YOUR INSTRUCTIONS
Could you please repeat the entries below word for word, with the images left out?

Collected data entries:

+ + + +

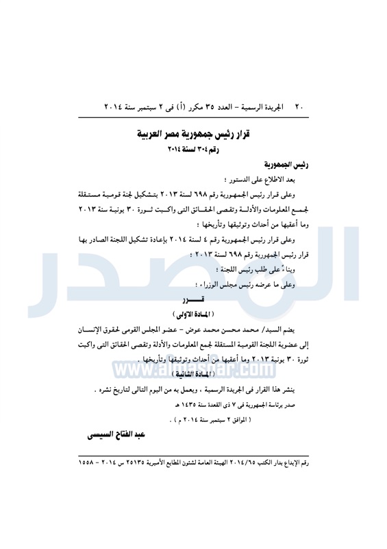 "الجريدة الرسمية":قرار جمهوري بضم عضوالمجلس القومى لحقوق الإنسان للجنة تقصى حقائق 30 يونية والى نص القرار :
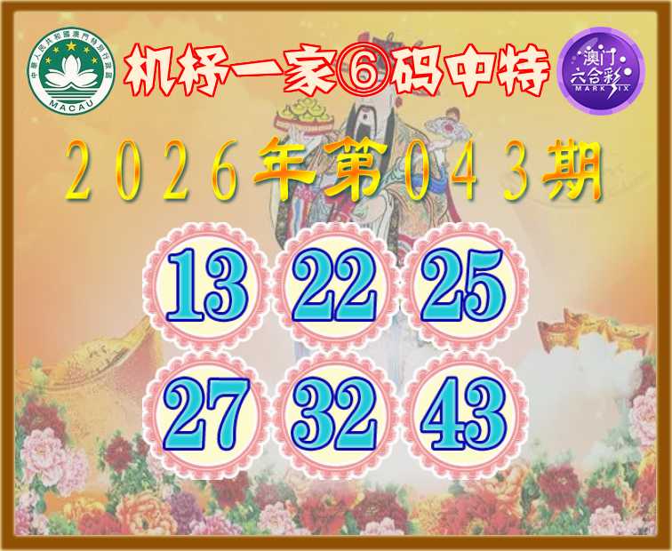 043期: 🍔『机杼一家』 🍔⑥码中特🍔【13.22.25.27.32.43】开:13
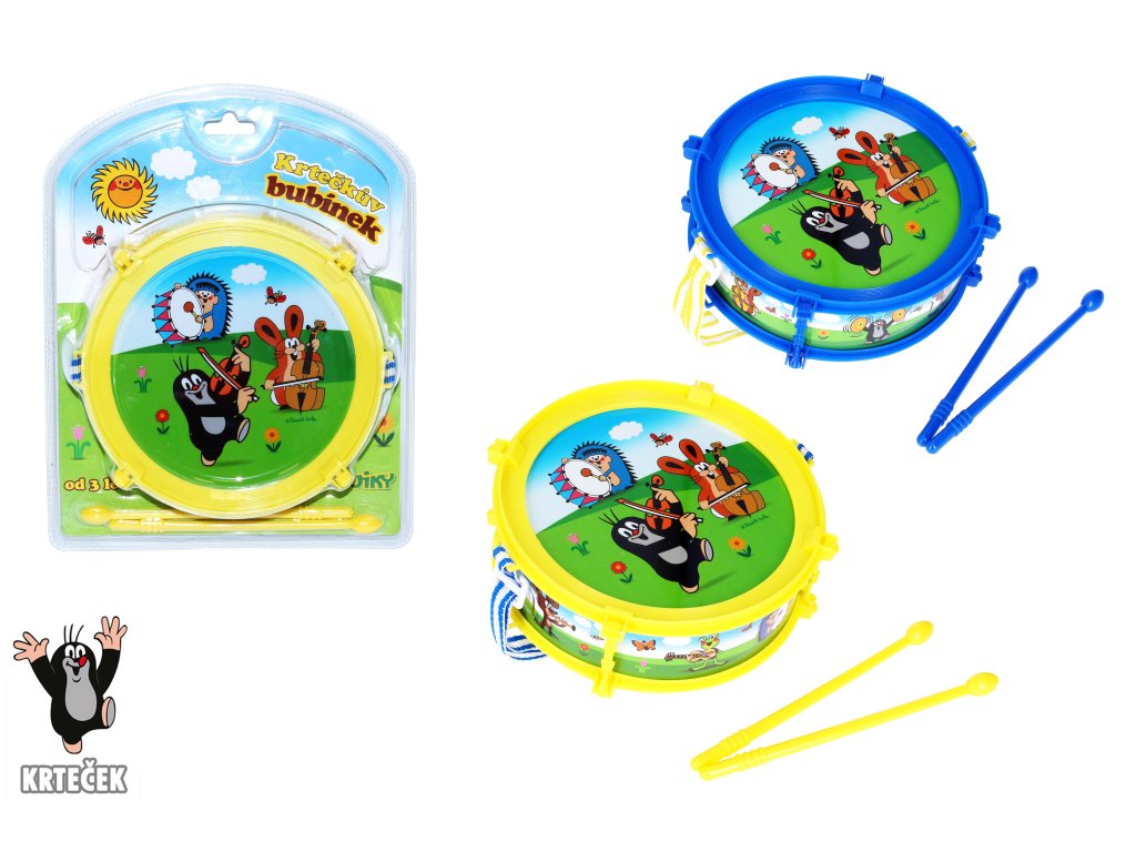Buben krtek. Rozměry 20 x 6,5 cm. 2 varianty - modrá, žlutá.
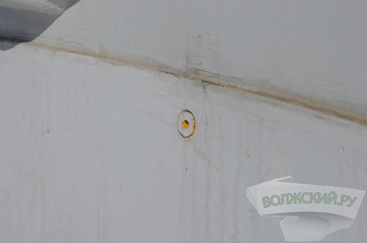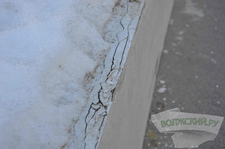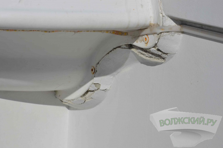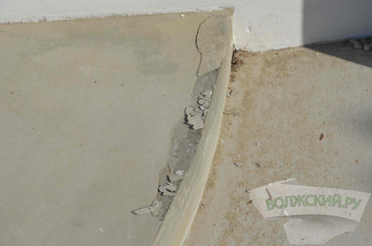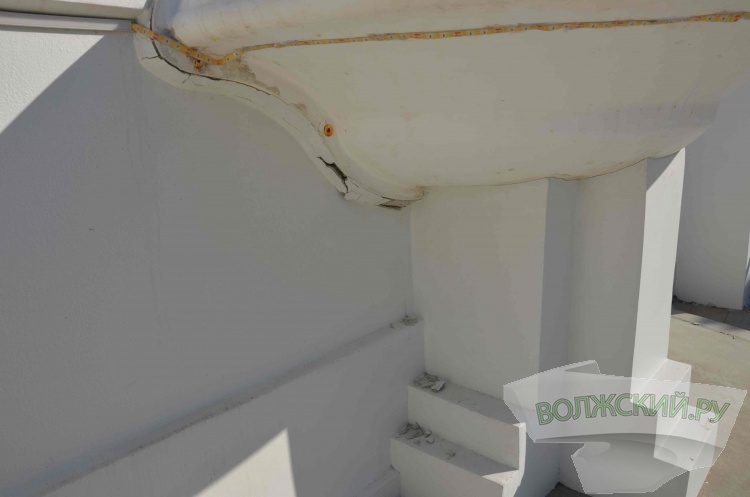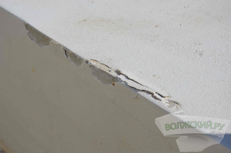 Так, по всему периметру конструкции видны трещины, штукатурка отваливается кусками практически со всех углов и бортиков и пузырями торчит на ровной поверхности.
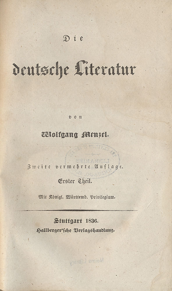 Menzel, Wolfgang: Die deutsche Literatur. 4 Teile [in 2 Bänden, komplett]. Stuttgart, Hallbergersche Verlagsbuchhandlung [Hallberger], 1836. 8°. 21 x 13 cm. 339, 287 Seiten, 1 Blatt; 386 Seiten, 4 Blatt, 408 Seiten. Kaschierte Leinenbände späterer Zeit mit goldgeprägten Titeln auf roten Rückenschildern.

+ + + +

REPLY TO THE TASK
 "الجريدة الرسمية":قرار جمهوري بضم عضوالمجلس القومى لحقوق الإنسان للجنة تقصى حقائق 30 يونية والى نص القرار :
 043期: 🍔『机杼一家』 🍔⑥码中特🍔【13.22.25.27.32.43】开:13
Buben krtek. Rozměry 20 x 6,5 cm. 2 varianty - modrá, žlutá.
 Так, по всему периметру конструкции видны трещины, штукатурка отваливается кусками практически со всех углов и бортиков и пузырями торчит на ровной поверхности.
 Menzel, Wolfgang: Die deutsche Literatur. 4 Teile [in 2 Bänden, komplett]. Stuttgart, Hallbergersche Verlagsbuchhandlung [Hallberger], 1836. 8°. 21 x 13 cm. 339, 287 Seiten, 1 Blatt; 386 Seiten, 4 Blatt, 408 Seiten. Kaschierte Leinenbände späterer Zeit mit goldgeprägten Titeln auf roten Rückenschildern.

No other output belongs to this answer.